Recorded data
◇ ◇ ◇ ◇ ◇ ◇ ◇

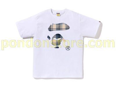 A BATHING APE : BAPE CHECK APE FACE TEE white/navy
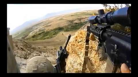 Helmet cam shows suppressing fire during a firefight in Afghanistan.
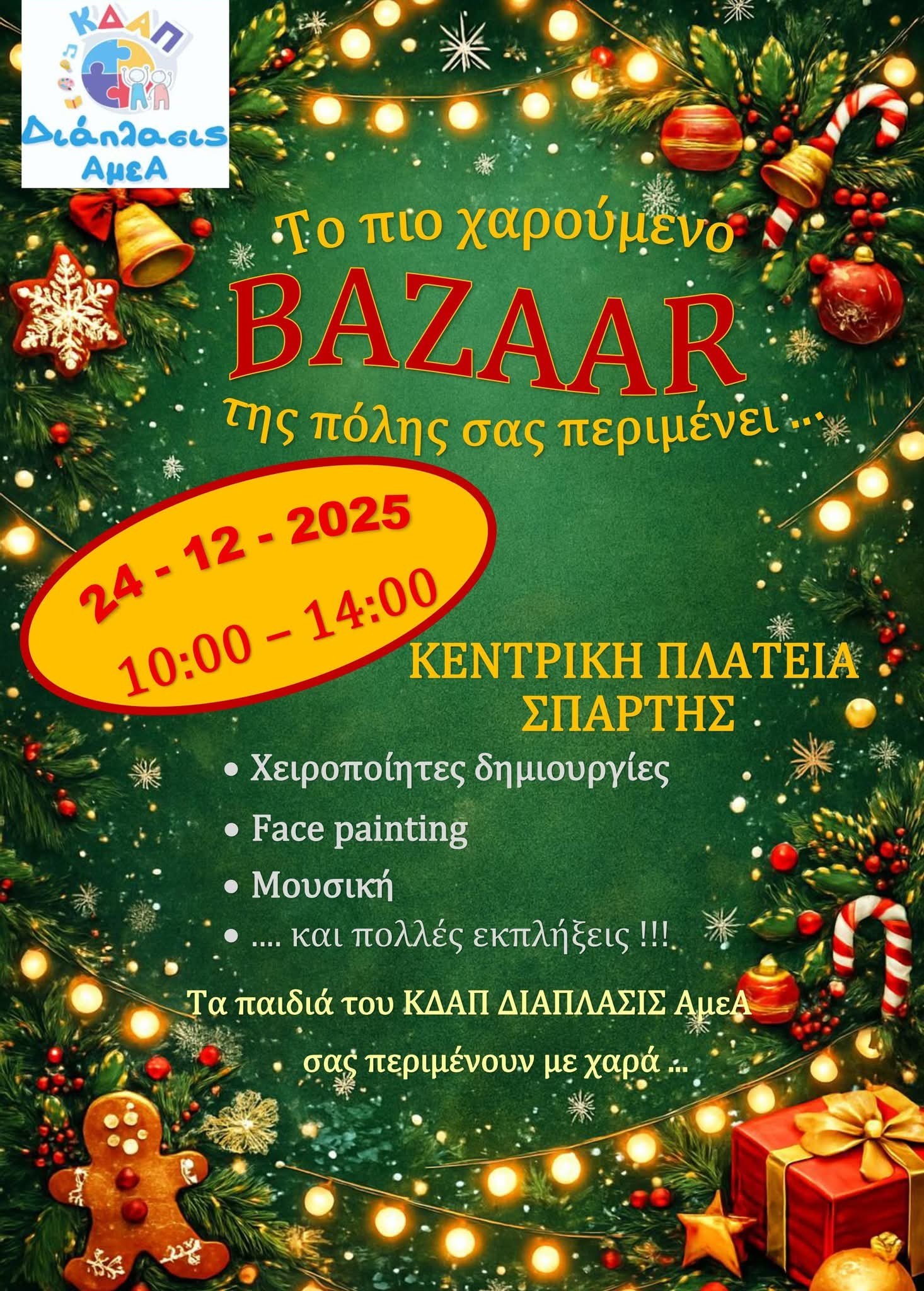 Μια ξεχωριστή χριστουγεννιάτικη εμπειρία υπόσχονται τα παιδιά του ΚΔΑΠ Διάπλασις ΑμεΑ, που διοργανώνουν το πιο χαρούμενο bazaar της πόλης, την Τρίτη 24 Δεκεμβρίου, στην κεντρική πλατεία Σπάρτης, από τις 10:00 το πρωί έως τις 14:00.
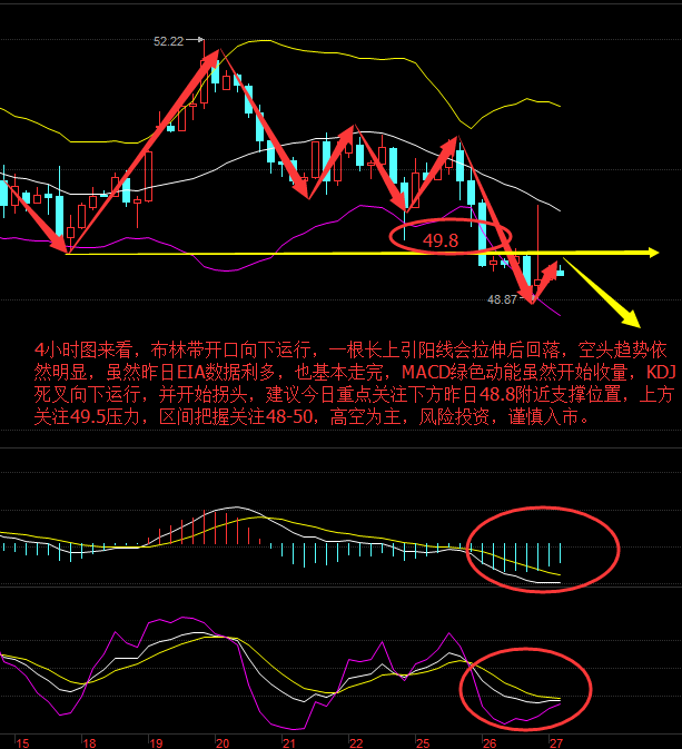 ZY【卓越纳金】10.27-油价EIA都难救赎,空头难挡或再探48 入场点靠的是技术分析,入场后靠的是心态,仓位管理以及运气,而利润的出现,保持,扩大,靠的是移动止损和止盈。 寄语: ●你被行情迷惑不知道怎么做,来找我,我给你指明方向! ●如果你现在控制不住自己还在疯狂的不知方向的做单,请你停下来,不要拿自己的资金开
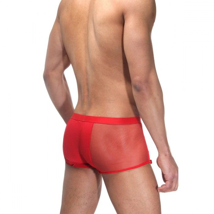 Красные гладкие трусы-боксеры для мужчин. Резинка у трусов широкая, по бокам полупрозрачные вставки.
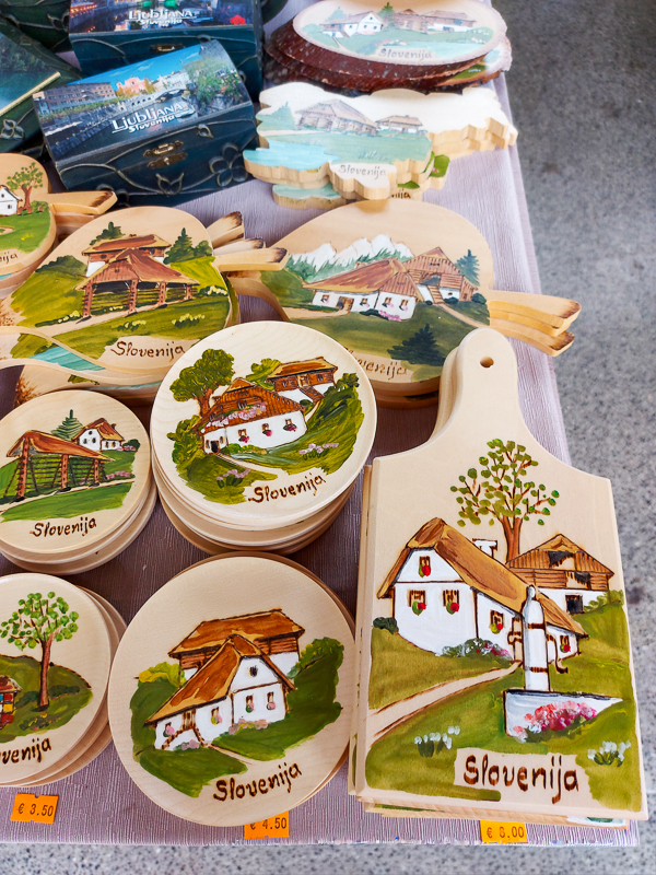 Pod arkadami blisko Mostu Rzeźniczego kupimy najlepsze pamiątki z Lublany. Większość z nich to lokalne rękodzieło.
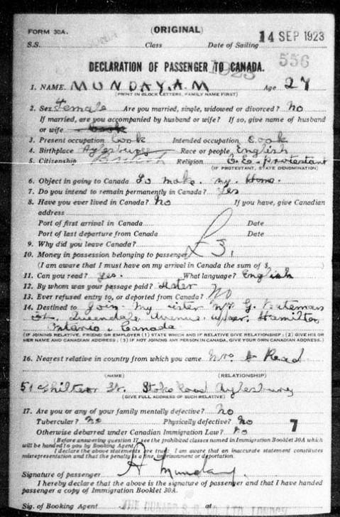 Perhaps it was because the family was so large that some of Annie’s brothers and sisters moved far away from the area in which the Munday family had lived for centuries. Annie’s older brother Alfred went to Edinburgh before WW1, where he became an orchid specialist at the Royal Botanic Gardens. In 1911, her oldest (full) sister Sarah moved with her husband and two young children to Ontario, Canada. Annie’s oldest brother Will and his wife followed them there in 1913. In 1921, both families lived in Hamilton, Ontario. They must have reported back to family in England that life there was treating them well, because on 14 September 1923, Annie set sail for Canada as well. Her passenger declaration (which has just become available to me) shows that she was a cook, aged 27, and that she intended to remain permanently in Canada. Her objective was ‘to make my home’.

◇ ◇ ◇ ◇ ◇ ◇ ◇

*YOUR TASK*. Every entry above should be restated word for word, with the images left out.

*RESULT FOR THIS TASK*.
 A BATHING APE : BAPE CHECK APE FACE TEE white/navy
 Helmet cam shows suppressing fire during a firefight in Afghanistan.
 Μια ξεχωριστή χριστουγεννιάτικη εμπειρία υπόσχονται τα παιδιά του ΚΔΑΠ Διάπλασις ΑμεΑ, που διοργανώνουν το πιο χαρούμενο bazaar της πόλης, την Τρίτη 24 Δεκεμβρίου, στην κεντρική πλατεία Σπάρτης, από τις 10:00 το πρωί έως τις 14:00.
 ZY【卓越纳金】10.27-油价EIA都难救赎,空头难挡或再探48 入场点靠的是技术分析,入场后靠的是心态,仓位管理以及运气,而利润的出现,保持,扩大,靠的是移动止损和止盈。 寄语: ●你被行情迷惑不知道怎么做,来找我,我给你指明方向! ●如果你现在控制不住自己还在疯狂的不知方向的做单,请你停下来,不要拿自己的资金开
 Красные гладкие трусы-боксеры для мужчин. Резинка у трусов широкая, по бокам полупрозрачные вставки.
 Pod arkadami blisko Mostu Rzeźniczego kupimy najlepsze pamiątki z Lublany. Większość z nich to lokalne rękodzieło.
 Perhaps it was because the family was so large that some of Annie’s brothers and sisters moved far away from the area in which the Munday family had lived for centuries. Annie’s older brother Alfred went to Edinburgh before WW1, where he became an orchid specialist at the Royal Botanic Gardens. In 1911, her oldest (full) sister Sarah moved with her husband and two young children to Ontario, Canada. Annie’s oldest brother Will and his wife followed them there in 1913. In 1921, both families lived in Hamilton, Ontario. They must have reported back to family in England that life there was treating them well, because on 14 September 1923, Annie set sail for Canada as well. Her passenger declaration (which has just become available to me) shows that she was a cook, aged 27, and that she intended to remain permanently in Canada. Her objective was ‘to make my home’.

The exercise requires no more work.